Three point charges 'q' each are placed at the corners of an equilateral triangle of side length 'a' . Find the value of charge Q to be placed at the centre of the triangle for which the system remains in tge state of equilibrium.

Draw a triangle with +q charge on each vertex. Now the point charge places at the top most vertex (let's call it A, and the other two vertices B and C) experiences a repulsive force due to the fact that both the other charges are +ve as well. Thus it will experience two repulsive forces, and the net force (vector addition) can be calculated. The angle between the two forces is 60 as the triangle is equilateral.
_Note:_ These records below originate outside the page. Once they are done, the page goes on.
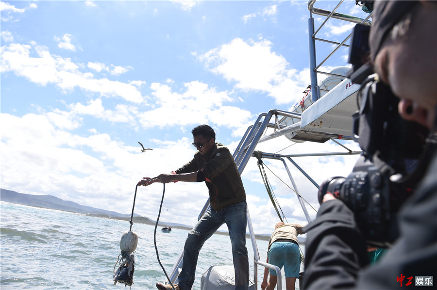 见此情景,颇有经验的船工开始投下鱼头诱饵,谢霆锋杨紫琼则退居二线一脸赞叹地欣赏长达两米的大鲨鱼,更为了观察仔细而冒险俯下身去。然而,恰巧此时,大白鲨发起了脾气来,只见它在两人面前瞬间跃起,猛然一个打挺狠狠撞向船身,巨大的浪潮顿时淋透谢霆锋杨紫琼全身,让两位足足见识了“海洋王之怒”!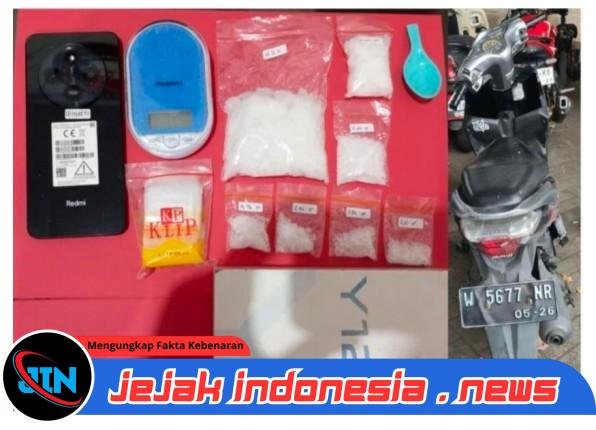 Selain sabu yang dikemas dalam tujuh plastik klip dengan berat bervariasi, petugas juga mengamankan sejumlah barang bukti lain berupa satu unit timbangan elektrik, satu unit handphone, plastik klip kosong, sendok plastik, dos box HP, serta satu unit sepeda motor Honda Vario.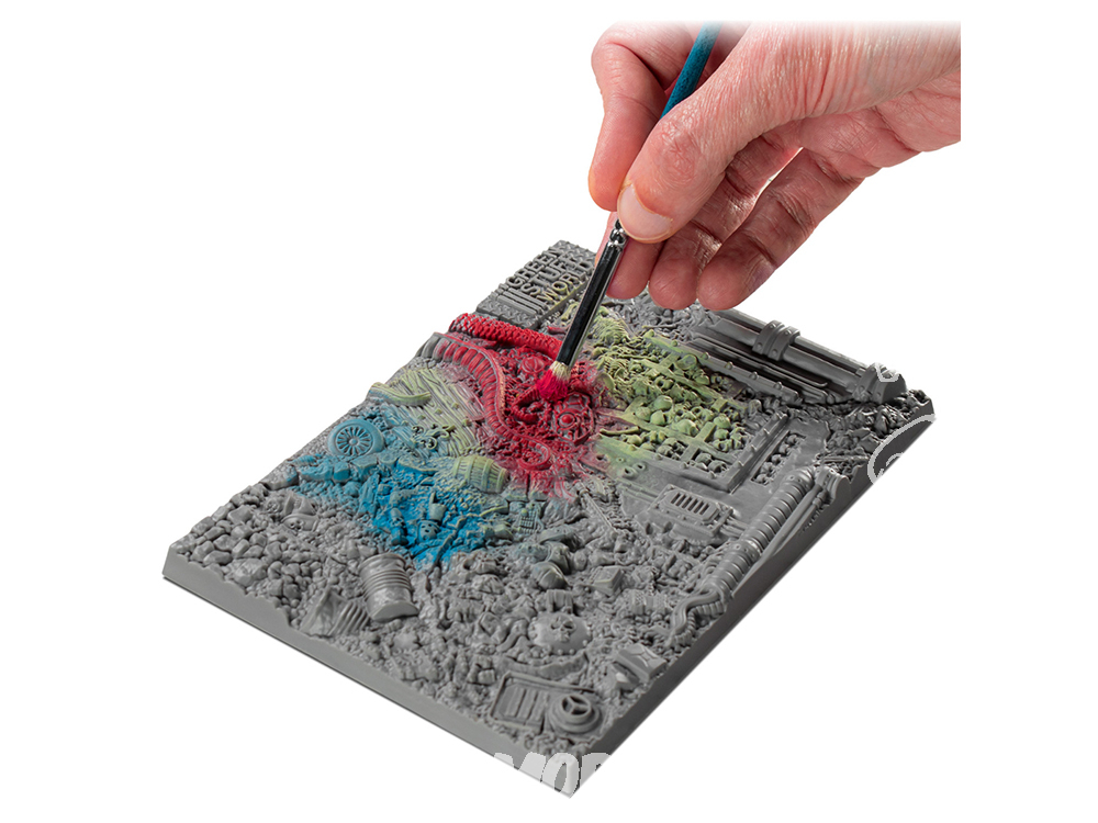 Dans le domaine du modélisme et de la maquette, cet outil est particulièrement efficace. Les artistes qui travaillent avec des détails minutieux et des applications de couleurs précises, comme sur les Gundams, les trains, les figurines de wargames ou les dioramas, apprécient la séparation nette et le large espace de mélange des alvéoles. La surface non poreuse permet de conserver l'intégrité des peintures spécialisées, telles que les lavis et les peintures métalliques, qui sont fréquemment utilisées dans ce domaine.

Thus Fnet = (F² + F² + 2F²cos(60))^(½) gives us Fnet = √3(F).

F is k(q)(q)/l²

Now due to the fact that this force is repulsive and it is directed away from the triangle, the only way the charge will remain stationary is if the charge Q to be placed at the centroid is -ve. By using Pythagoras theorem and simple properties of centroid we get the distance between the charge +q at A and the charge -Q at the centroid to be l/√3 .

Now , force between +q and -Q

F2 = k(q)(-Q)/(l/√3)1

Since the forces must balance each other in order for the system to remain stationary

Fnet = F2

Solving, we get Q= -q/√3